Copy from the first line below down to and including the line with "a)大豆蛋白基水凝胶通过动态". Skip the pictures.

**ENTRIES PROVIDED**
=====

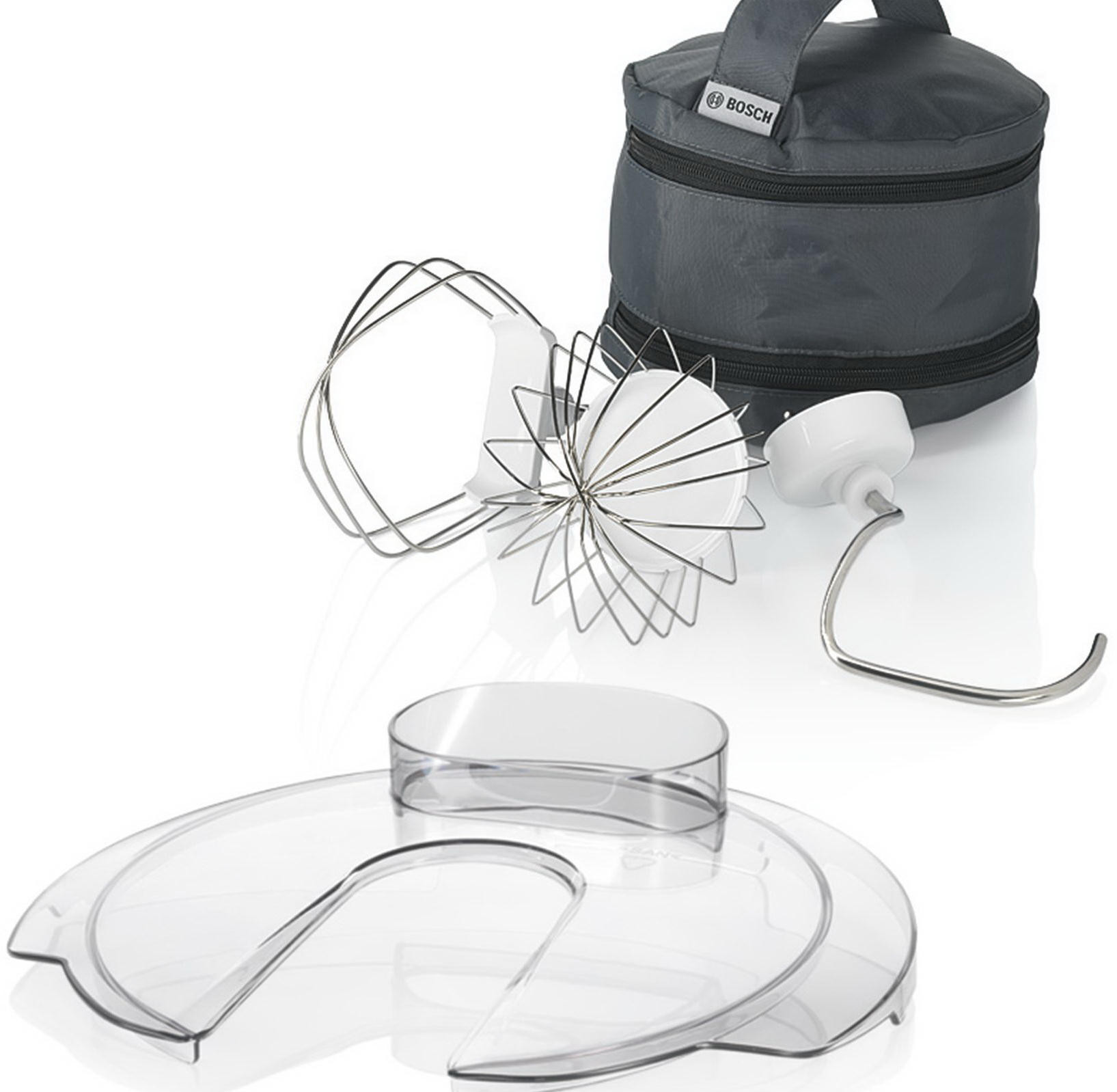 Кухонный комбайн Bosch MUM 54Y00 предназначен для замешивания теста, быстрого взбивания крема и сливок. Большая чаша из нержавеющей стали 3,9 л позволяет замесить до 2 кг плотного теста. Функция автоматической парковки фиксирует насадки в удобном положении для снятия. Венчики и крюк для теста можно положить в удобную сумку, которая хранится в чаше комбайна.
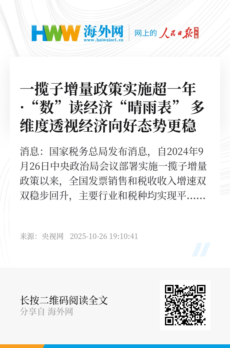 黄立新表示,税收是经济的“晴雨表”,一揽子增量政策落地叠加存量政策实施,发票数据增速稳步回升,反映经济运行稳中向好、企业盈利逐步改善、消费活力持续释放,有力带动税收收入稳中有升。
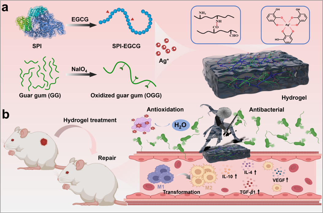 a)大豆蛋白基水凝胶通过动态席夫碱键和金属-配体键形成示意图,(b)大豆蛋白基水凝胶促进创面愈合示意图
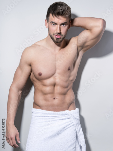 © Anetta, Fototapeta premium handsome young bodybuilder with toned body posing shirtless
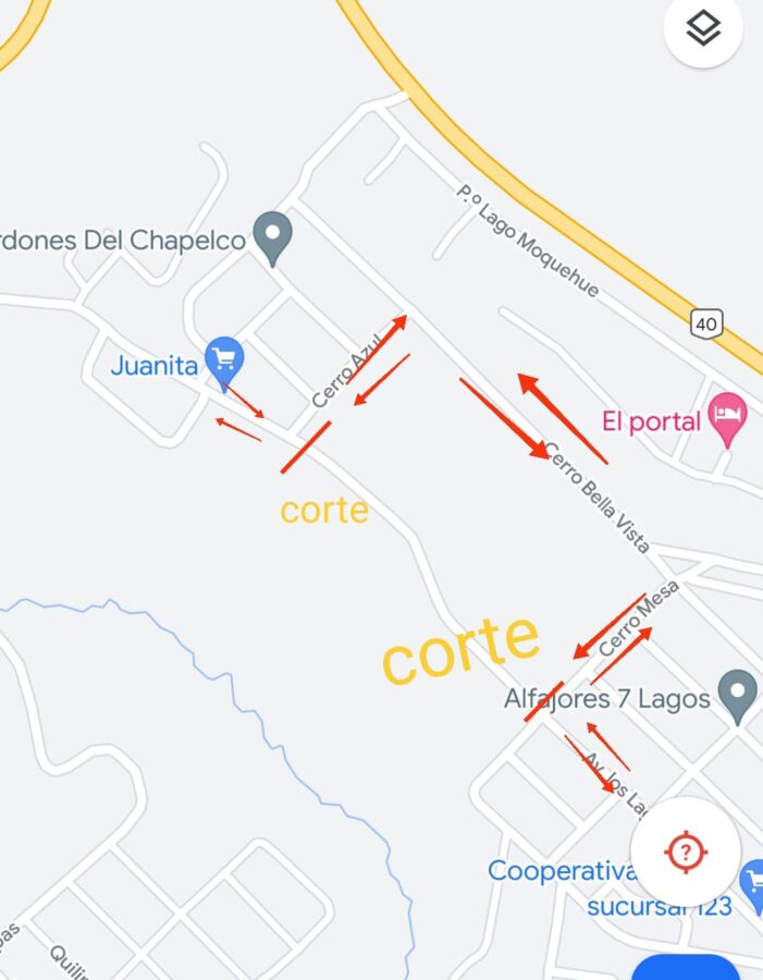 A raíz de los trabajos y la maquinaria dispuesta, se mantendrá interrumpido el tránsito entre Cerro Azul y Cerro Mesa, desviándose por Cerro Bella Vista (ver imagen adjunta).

=====

**ANSWER TO THIS EXERCISE**
 Кухонный комбайн Bosch MUM 54Y00 предназначен для замешивания теста, быстрого взбивания крема и сливок. Большая чаша из нержавеющей стали 3,9 л позволяет замесить до 2 кг плотного теста. Функция автоматической парковки фиксирует насадки в удобном положении для снятия. Венчики и крюк для теста можно положить в удобную сумку, которая хранится в чаше комбайна.
 黄立新表示,税收是经济的“晴雨表”,一揽子增量政策落地叠加存量政策实施,发票数据增速稳步回升,反映经济运行稳中向好、企业盈利逐步改善、消费活力持续释放,有力带动税收收入稳中有升。
 a)大豆蛋白基水凝胶通过动态席夫碱键和金属-配体键形成示意图,(b)大豆蛋白基水凝胶促进创面愈合示意图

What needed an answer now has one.